→ **Work to complete**:
Transcribe exactly everything in the data below from the line containing "ベスト ニットベスト フロントボタン" down to the line containing "寒い中,今年最初の稽古です。準備体操も念入りにしました。", both lines included and nothing further.
##### Dataset excerpts
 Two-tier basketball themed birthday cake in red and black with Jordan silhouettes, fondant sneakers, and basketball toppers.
##########
##### Dataset excerpts
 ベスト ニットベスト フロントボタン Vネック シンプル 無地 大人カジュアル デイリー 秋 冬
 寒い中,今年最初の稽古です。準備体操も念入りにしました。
##########
##### Dataset excerpts
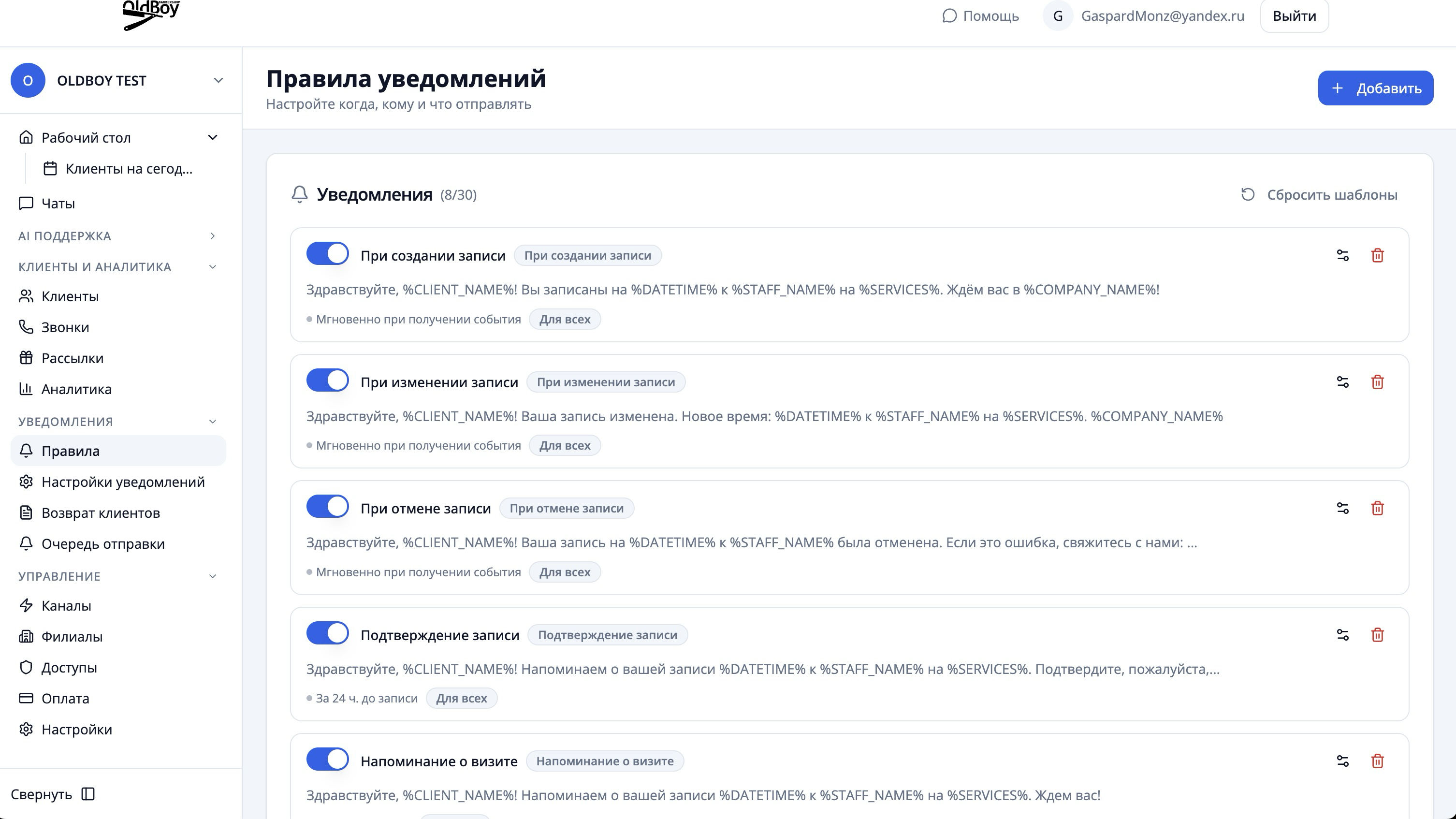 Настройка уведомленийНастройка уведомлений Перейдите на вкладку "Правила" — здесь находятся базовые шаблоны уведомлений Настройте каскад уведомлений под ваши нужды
##########
→ **Reply to the task**:
 ベスト ニットベスト フロントボタン Vネック シンプル 無地 大人カジュアル デイリー 秋 冬
 寒い中,今年最初の稽古です。準備体操も念入りにしました。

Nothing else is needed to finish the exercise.